**Goal of the exercise**
In the data below, find the line with "黄桃干厚切桃子干独立包装无添加果脯蜜饯桃子肉孕妇儿童休闲零食" and output it along with every later line, exactly, but not the pictures.

**Given information**
■ ■ ■
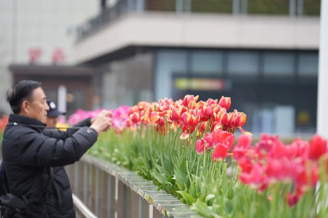 人行天桥上,各色郁金香盆栽衔接而成一条条绚丽的色带,吸引了不少市民特意驻足拍照,将这份独特的城市春色“装”进手机。一位与朋友同游的市民表示,最近天气转好,特意出来逛逛,“听说这里的花好看,所以我们专程来拍照。”从外区前来“兜一圈”的老年市民更是感慨:“我们老年人,待在小区里多,现在到外面来看看,觉得特别开心,心情舒畅。”一位外地游客也赞叹道:“这里郁金香的颜色很多,品种也多,有些以前都没见过。”
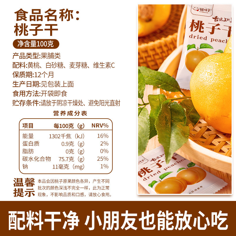 黄桃干厚切桃子干独立包装无添加果脯蜜饯桃子肉孕妇儿童休闲零食
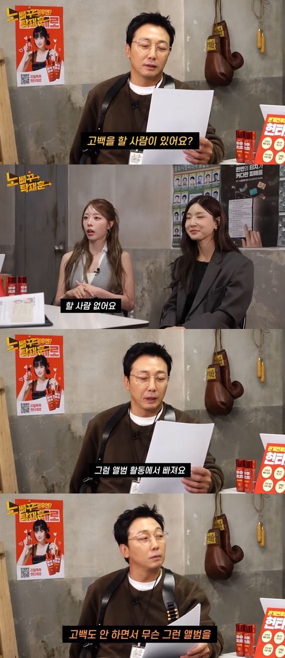 은지의 답변을 듣자마자 탁재훈은 "그럼 앨범 활동에서 빠져라. 고백도 안하면서 무슨 그런 앨범을"이라고 놀렸다.
■ ■ ■
**Solution to this task**
 黄桃干厚切桃子干独立包装无添加果脯蜜饯桃子肉孕妇儿童休闲零食
 은지의 답변을 듣자마자 탁재훈은 "그럼 앨범 활동에서 빠져라. 고백도 안하면서 무슨 그런 앨범을"이라고 놀렸다.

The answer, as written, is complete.